UniL: Point Cloud Novelty Detection through Multimodal Pre-training

Yuhan Wang, Mofei Song

Published: 01 Jan 2024, Last Modified: 13 Nov 2024ACM Multimedia 2024EveryoneRevisionsBibTeXCC BY-SA 4.0

Abstract: 3D novelty detection plays a crucial role in various real-world applications, especially in safety-critical fields such as autonomous driving and intelligent surveillance systems. However, existing 3D novelty detection methods are constrained by the scarcity of 3D data, which may impede the model's ability to learn adequate representations, thereby impacting detection accuracy. To address this challenge, we propose a Unified Learning Framework (UniL) for facilitating novelty detection. During the pretraining phase, UniL assists the point cloud encoder in learning information from other modalities, aligning visual, textual, and 3D features within the same feature space. Additionally, we introduce a novel Multimodal Supervised Contrastive Loss (MSC Loss) to improve the model's ability to cluster samples from the same category in feature space by leveraging label information during pretraining.

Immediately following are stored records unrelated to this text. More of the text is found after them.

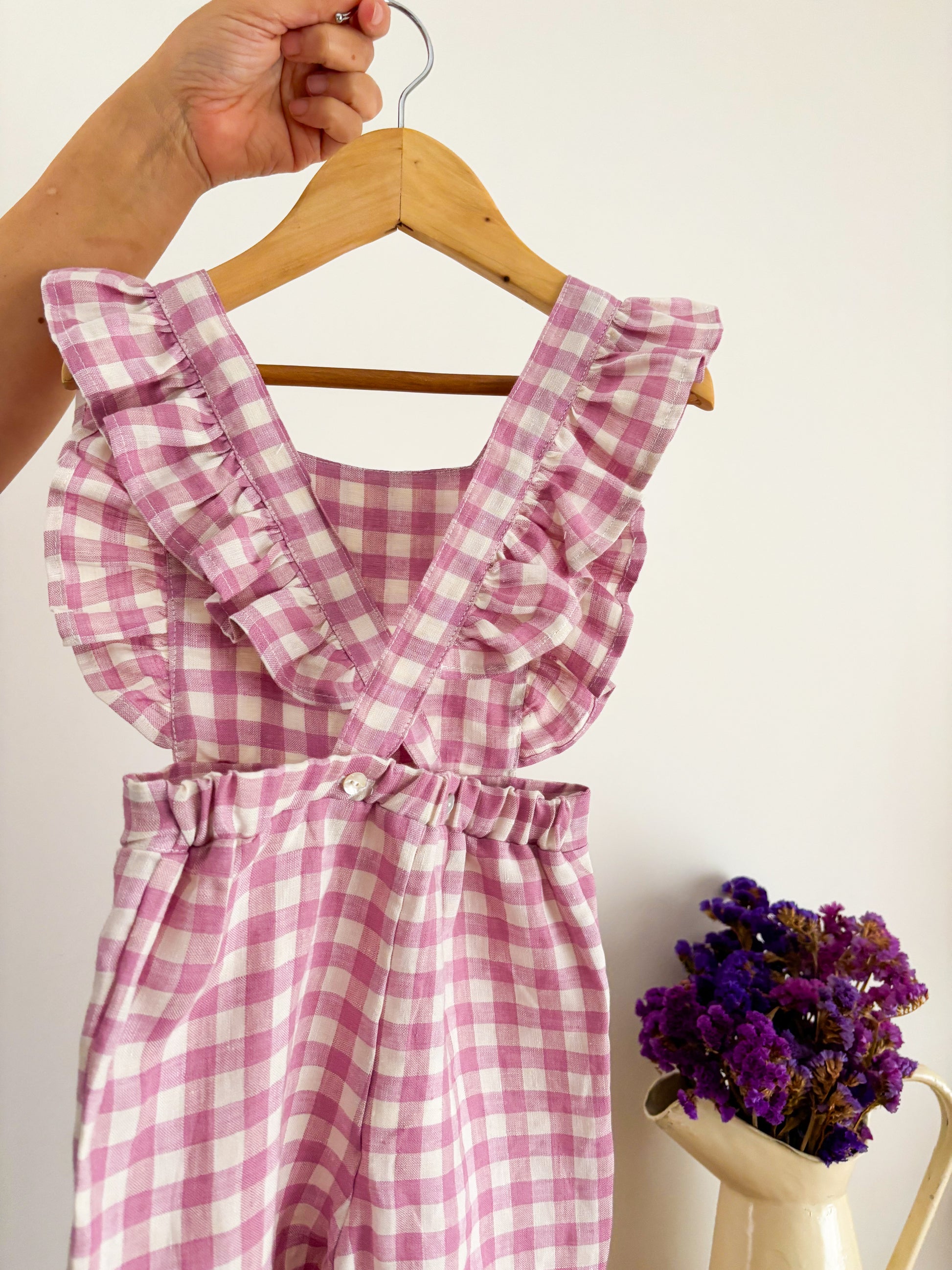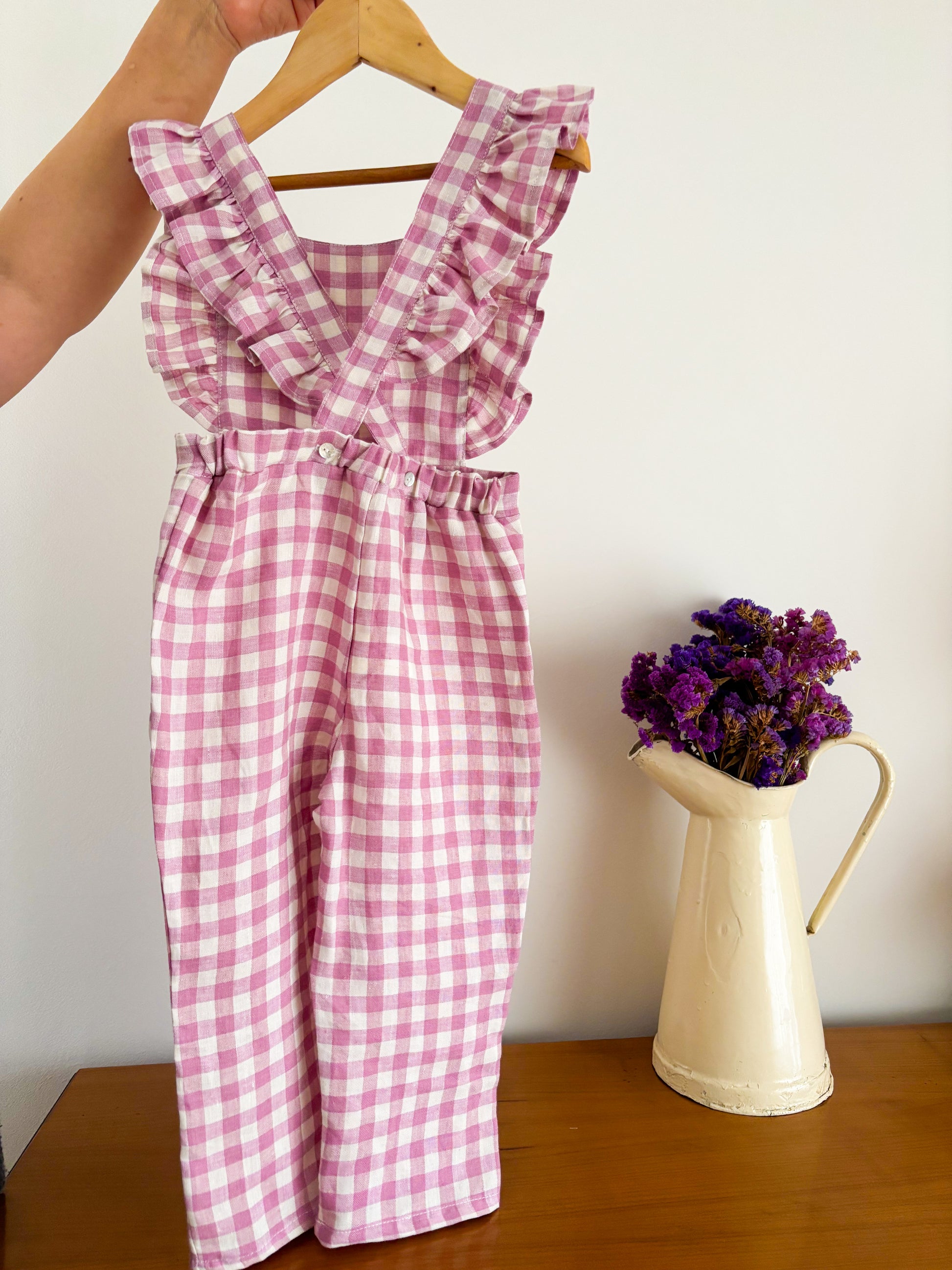 Jardineira vichy rosa pormenor de folho nas alças e peito.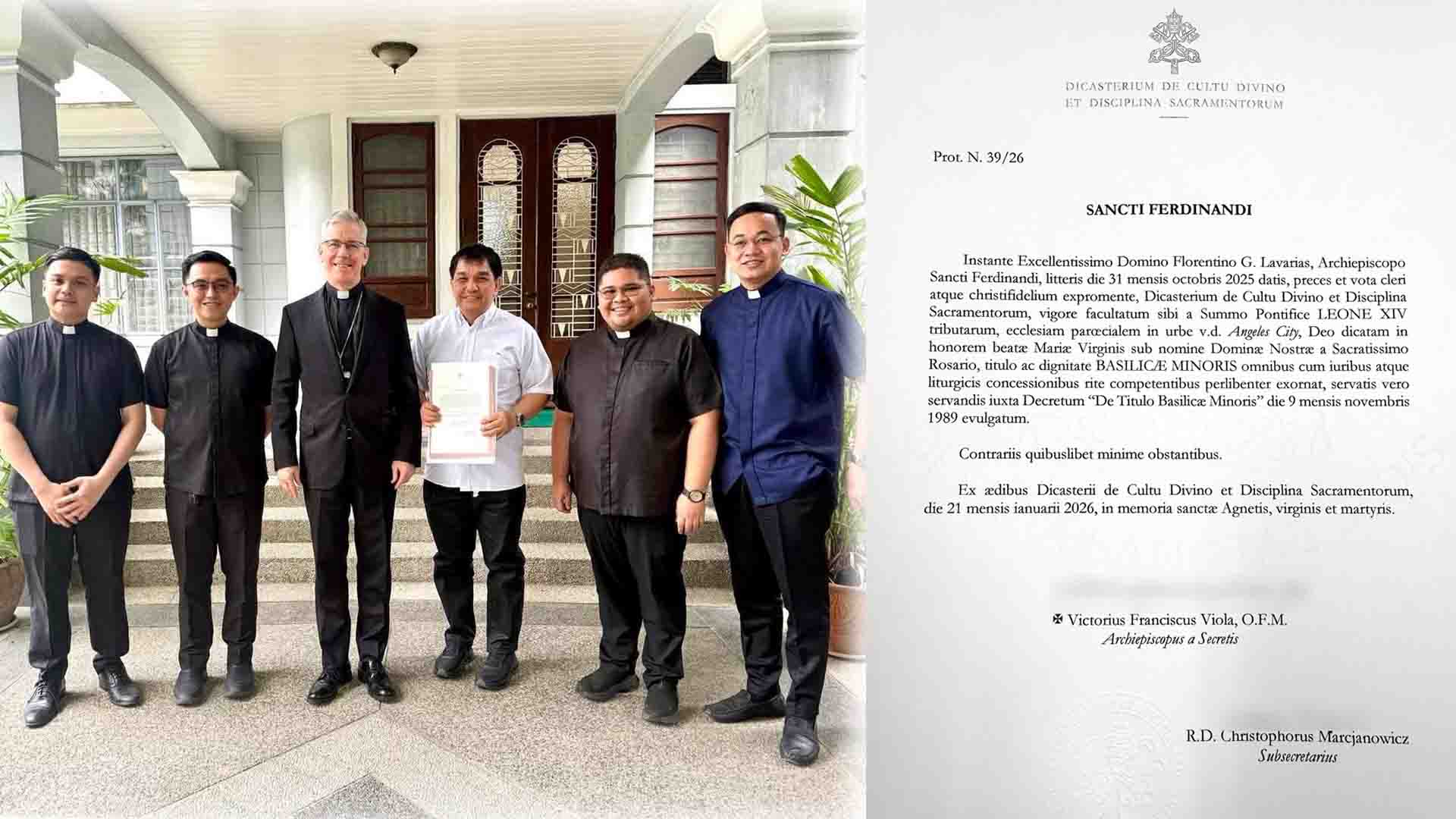 Personal na pinangunahan ni Rev. Fr. Manuel Sta. Maria, kura paroko ng Holy Rosary Parish (HRP) sa Angeles City ang pagtanggap sa opisyal na Decree (Prot. N 39/26) na nagdedeklara sa parokya bilang isang bagong Minor Basilica ngayong ika-10 ng Pebrero, 2026.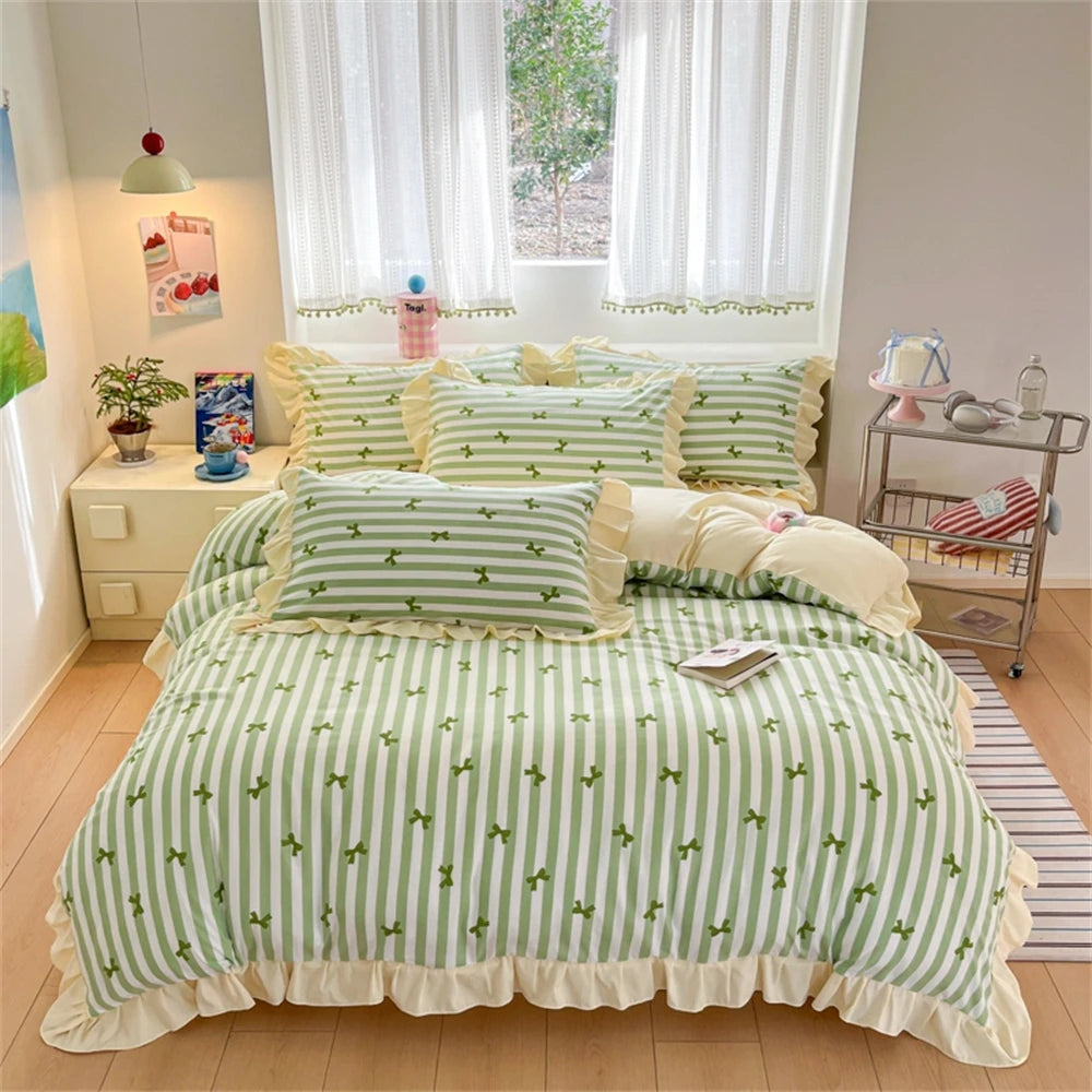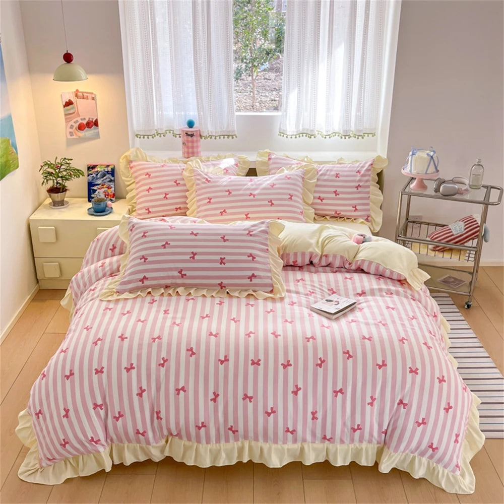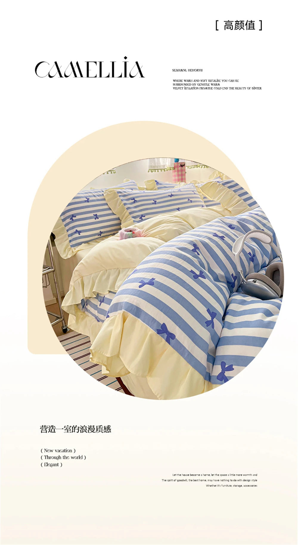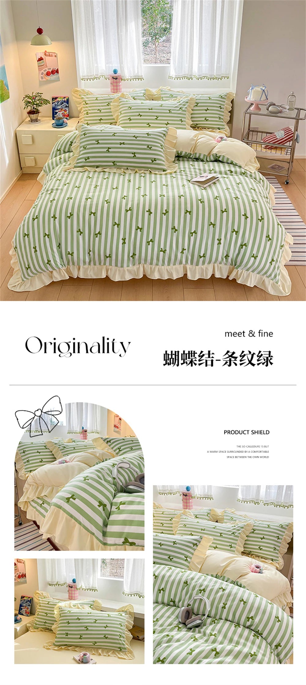 Black Lace Ruffles Korean Bow Decor Bedding Set Duvet Cover Pillowcase Washed Cotton Four-Piece Sets Soft Quilt Cover Bed Sheet

Furthermore, we propose a straightforward yet powerful scoring method, Depth Map Error (DME), which assesses the discrepancy between projected depth maps before and after point cloud reconstruction during novelty detection. Extensive experiments conducted on 3DOS have demonstrated the effectiveness of our approach, significantly enhancing the performance of the unsupervised VAE method in 3D novelty detection. Codes are avaliable at https://github.com/EugeneWon9/UniL.